• Males and females； Age：18 to 75 years.

• Histologically or cytologically confirmed head and neck squamous cell carcinoma (HNSCC).

• Patients with resectable locally advanced head and neck squamous cell carcinoma (LA-HNSCC).

• Eastern Cooperative Oncology Group (ECOG) performance status of 0 or 1.

• No prior treatment for the cancer.

• Intention to undergo curative treatment.

• Patients with normal organ function and suitable for immunotherapy combined with chemotherapy and surgery:

• Adequate hematologic function (total white blood cell count ≥ 3.0×10\^9/L, absolute lymphocyte count ≥ 0.8×10\^9/L, absolute neutrophil count ≥ 1.5×10\^9/L, platelets ≥ 100×10\^9/L, hemoglobin ≥ 90g/L); Adequate hepatic function (bilirubin level ≤ 2 times the upper limit of normal (ULN); aspartate aminotransferase (AST) and alanine aminotransferase (ALT) levels ≤ 2.5 times ULN); Adequate renal function (serum creatinine ≤ 1.5 times ULN or calculated creatinine clearance ≥ 60 mL/min (Cockcroft-Gault formula), urine protein \<2+ on dipstick or \<1g in a 24-hour urine collection); Good cardiac function, i.e., normal or clinically insignificant abnormalities on electrocardiogram (ECG), echocardiogram showing a left ventricular ejection fraction (LVEF) ≥50%; Adequate coagulation function: International Normalized Ratio (INR) or Prothrombin Time (PT) ≤ 1.5 times ULN; participants on anticoagulation treatment are eligible if the PT is within the therapeutic range of the anticoagulant;

• Blood pressure well controlled (defined as systolic blood pressure ≤ 150 mmHg and diastolic blood pressure ≤ 90 mmHg) with or without antihypertensive medication, and no change in antihypertensive treatment within 1 week before the first dose of study medication.
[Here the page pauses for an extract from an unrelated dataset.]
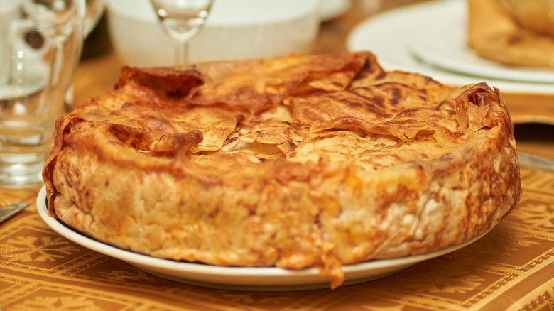 If you think baked pasta dishes only encompass classics like lasagna and mac and cheese, think again. Timballo is a delicious dish that's sure to impress your family and dinner party guests alike with its cake-like appearance. Also known as timpano, the multilayered preparation is worthy of a feast and likely dates back to Naples in the 18th century, where it was prepared to use up leftovers. Typically baked in a springform pan, the concoction consists of meat, vegetables, eggs, sauce, cheese, and pasta (often macaroni) wrapped in more pasta.

• Patients with HBV infection capable of having detectable HBV DNA levels (≥10IU/mL or above the limit of quantitation) (manifested as positive for hepatitis B surface antigen (HbsAg) and/or hepatitis B core antibody (anti-HBc)) must receive antiviral therapy according to clinical practice at the site before randomization to ensure adequate viral suppression. Patients must maintain antiviral therapy during the study and for 6 months after the last dose of study treatment. Patients who are anti-HBc positive but do not have detectable HBV DNA (\<10IU/mL or below the limit of quantitation) are not required to receive antiviral therapy unless their HBV DNA levels exceed 10IU/mL or the limit of quantitation during treatment.

⁃ Women of childbearing potential (15-49 years old) must have a negative pregnancy test within 7 days before starting treatment; patients of childbearing potential must agree to use effective contraception to ensure they do not become pregnant during the study period and for 3 months after stopping treatment.

⁃ Participants voluntarily join the study, sign an informed consent form, have good compliance, and cooperate with follow-up.